*Input*.
........

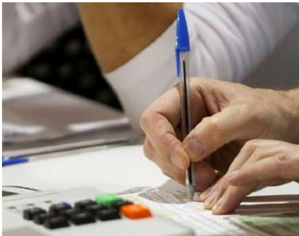
Requerimento para votar em trânsito precisa ser feito presencialmente

“O voto em trânsito funciona como uma transferência temporária de domicílio eleitoral. A habilitação para votar em trânsito não transfere ou altera quaisquer dados da inscrição eleitoral. Após as eleições, a vinculação do eleitor com a seção de origem é restabelecida automaticamente”, informa o TSE.
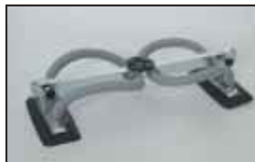
Työkalu jossa kaksi säädettävää tarrainta sopii esim. taitettaville pahvipakkauksille. Saatavana usealla eri mitoituksella.

Vaculexilla on suuri valikoima erilaisia tarraimia jotka sopivat useimpiin nostettaviin esineisiin. Vakiotarraimien lisäksi tarjoamme mielellämme asiakaskohtaisen ratkaisun.
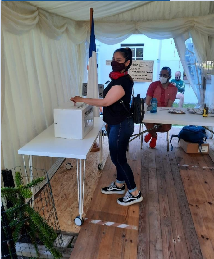
Voto en el exterior.
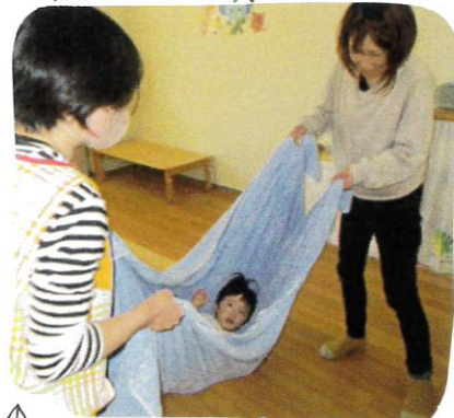
↑ ハンモックに寝ころんで、左右にゆらゆら〜と歌に合わせて揺らすと、ちよと緊張がみだいたけど、心地よい揺れを楽しんでいますよ
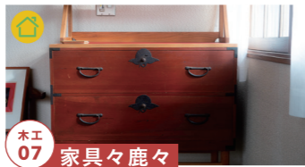
木工 07 家具々鹿々

古家具を新しい形へリメイク、 家具の修理も行います。 【制作者来場】土日のみ(予定) tel.090-9394-5947
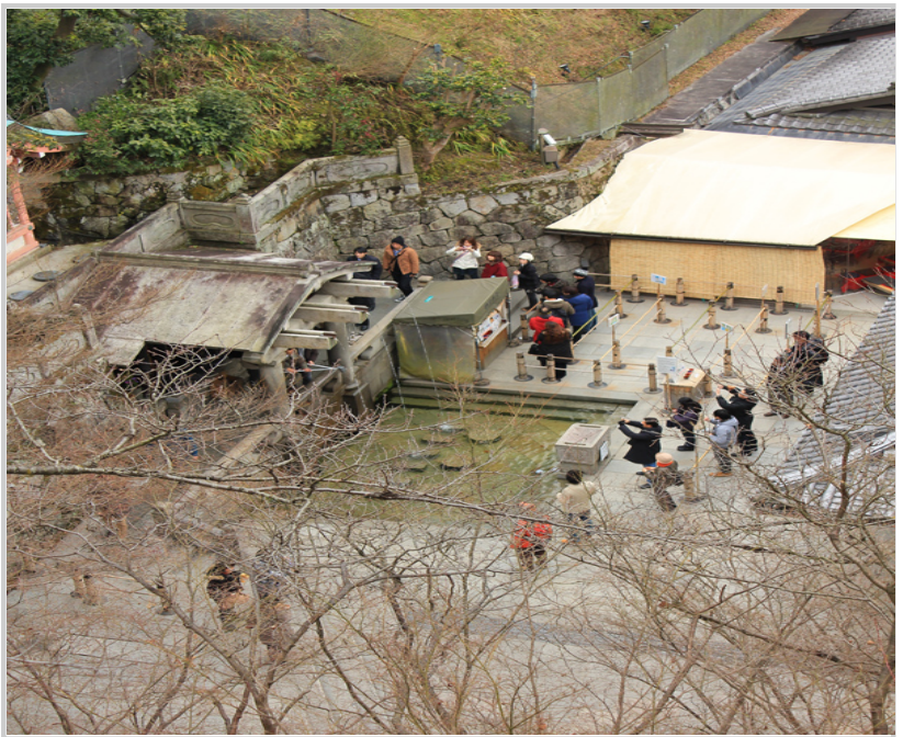
• 音羽の滝・從音羽山嘩瀾瀾流出的三道清泉自古以來被稱為「黃金水」、「延命水」
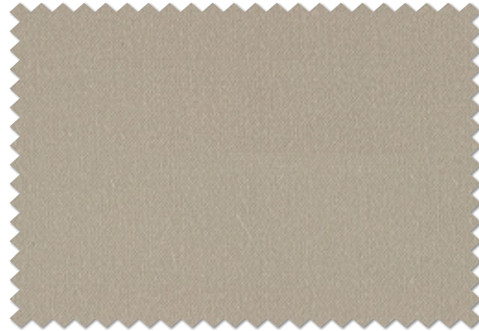
FT 6540 (GR)
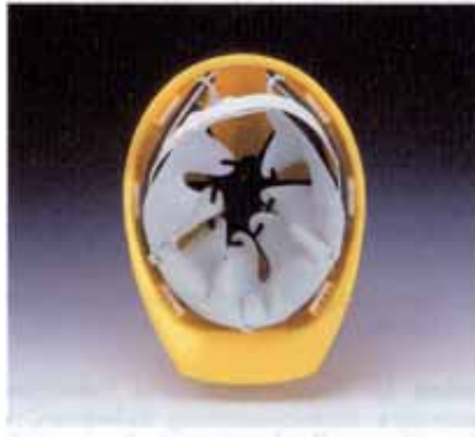
Bild 9: Industrieschutzhelm für Kopfverletzte mit Zacksleder-Innenausstattung
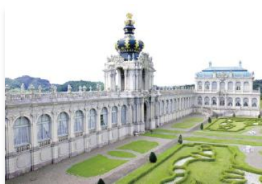
有田ポーセリンパーク（佐賀県）
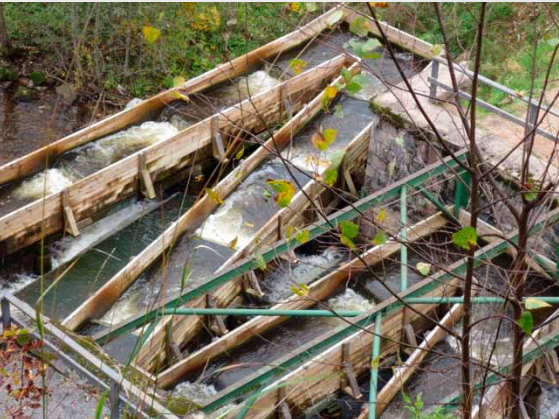
Zivju ceļš Līgatnē
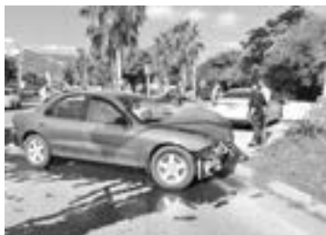
EL CONDUCTOR del Cavalier aceptó su responsabilidad

Cabe mencionar que afortunadamente no presentaba lesiones de gravedad, por lo que pu-
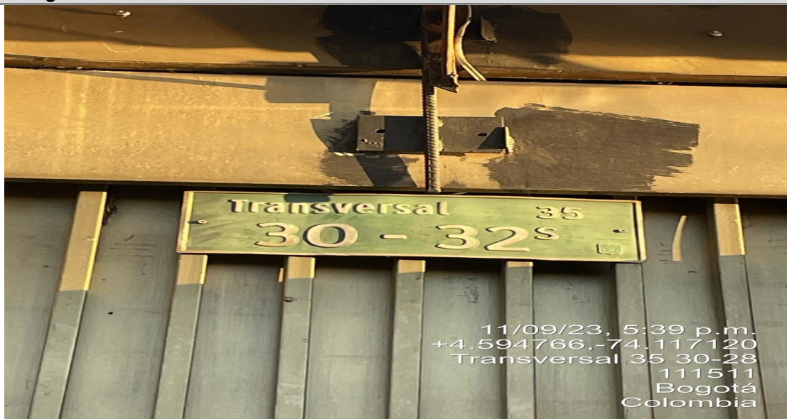
Fotografía No. 1

Nomenclatura del predio donde se encuentra ubicado el establecimiento de comercio.
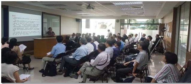
▲全台大學院校教職員相調聚會

聚會中的蒙恩，首先是對校園教職員和學生牧養負擔的加強。青年人在校園中若要繁增，以及得著教職員成
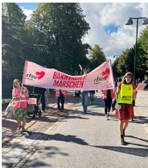
Marsch och föreläsningar uppmärksammade vikten av att agera mot mödradödlighet.
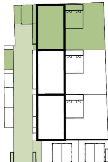
Schéma domu / House layout
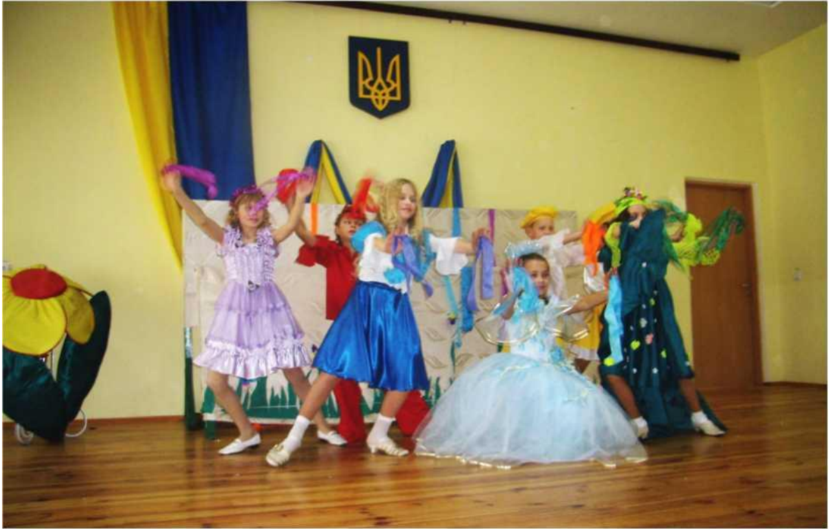
Кольорова галявина. Сцена із вистави «Веселкові барви»
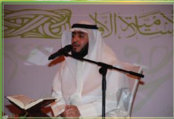
الشيخ فهد الكندري يتلو آيات الافتتاح
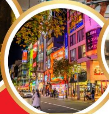
ช้อปปิ้งย่านเทนจิ
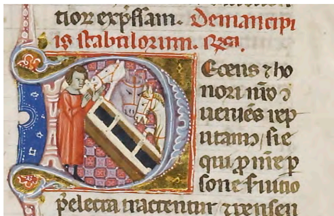
Abb. IX: Leges Palatinae, Brüssel, Bibliothèque royale de Belgique, MS 9169, erster Teil, fol. 16v (Ausschnitt)
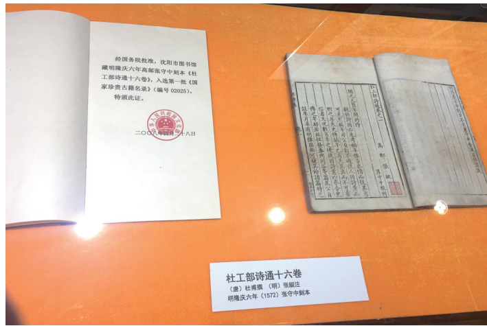
《杜工部诗通》是沈阳市图书馆收藏年代最早的一部古籍。

沈阳市图书馆相关负责人介绍,《杜工部诗通》,亦称《杜诗通》,是沈阳市图书馆收藏年代最早的一部古籍,距今已有四百多年的时间,由唐杜甫撰,明张綖注,明隆庆六年(1572)张守中刻本。同时,这本书也是国宝古籍,2008年,此书入选第一批《国家珍贵古籍名录》。
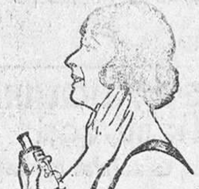
TORTICOLIS. Ud. puede eliminarla merced al Linimento de Sloan. Aplíquese en suaves palmaditas.
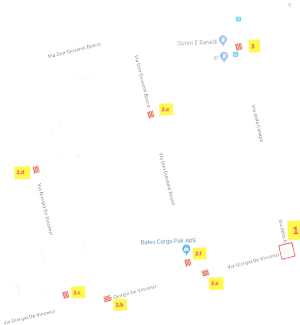
Figura 1 - Mappa riassuntiva delle proposte di adeguamento viabilità
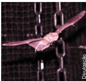
Usam até campo magnético

Os morcegos, únicos mamíferos capazes de voar, conseguem evitar os obstáculos e chegar a seu destino sem problemas através da escuridão, graças a um sistema de sonar e a uma capacidade de voo sofisticados, segundo dois estudos publicados dia 29 de março.
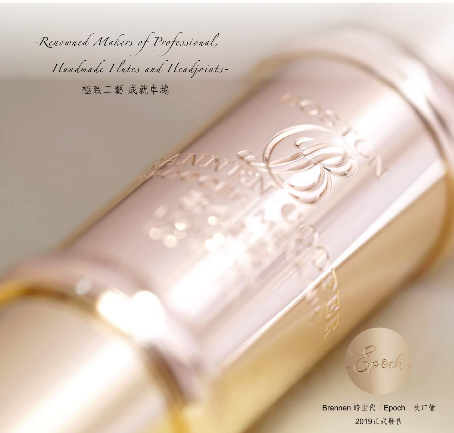
Brannen 跨世代「Epoch」吹口管 2019正式發售

-Renowned Makers of Professional, Handmade Flutes and Headjoints- 極致工藝 成就卓越
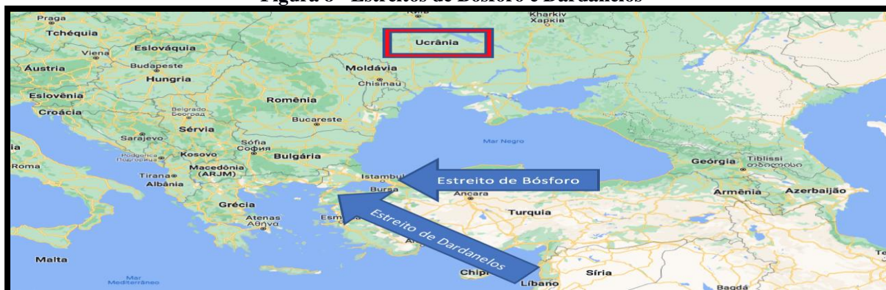
Figura 8 - Estreitos de Bósforo e Dardanelos

........

*Exercise*. Output exactly the lines above that lie between the line with "Bild 9: Industrieschutzhelm" and the line with "Usam até campo magnético", those two lines included, and no pictures.

*Exercise response*.
Bild 9: Industrieschutzhelm für Kopfverletzte mit Zacksleder-Innenausstattung
有田ポーセリンパーク（佐賀県）
Zivju ceļš Līgatnē
EL CONDUCTOR del Cavalier aceptó su responsabilidad

Cabe mencionar que afortunadamente no presentaba lesiones de gravedad, por lo que pu-
Fotografía No. 1

Nomenclatura del predio donde se encuentra ubicado el establecimiento de comercio.
▲全台大學院校教職員相調聚會

聚會中的蒙恩，首先是對校園教職員和學生牧養負擔的加強。青年人在校園中若要繁增，以及得著教職員成
Marsch och föreläsningar uppmärksammade vikten av att agera mot mödradödlighet.
Schéma domu / House layout
Кольорова галявина. Сцена із вистави «Веселкові барви»
الشيخ فهد الكندري يتلو آيات الافتتاح
ช้อปปิ้งย่านเทนจิ
Abb. IX: Leges Palatinae, Brüssel, Bibliothèque royale de Belgique, MS 9169, erster Teil, fol. 16v (Ausschnitt)
《杜工部诗通》是沈阳市图书馆收藏年代最早的一部古籍。

沈阳市图书馆相关负责人介绍,《杜工部诗通》,亦称《杜诗通》,是沈阳市图书馆收藏年代最早的一部古籍,距今已有四百多年的时间,由唐杜甫撰,明张綖注,明隆庆六年(1572)张守中刻本。同时,这本书也是国宝古籍,2008年,此书入选第一批《国家珍贵古籍名录》。
TORTICOLIS. Ud. puede eliminarla merced al Linimento de Sloan. Aplíquese en suaves palmaditas.
Figura 1 - Mappa riassuntiva delle proposte di adeguamento viabilità
Usam até campo magnético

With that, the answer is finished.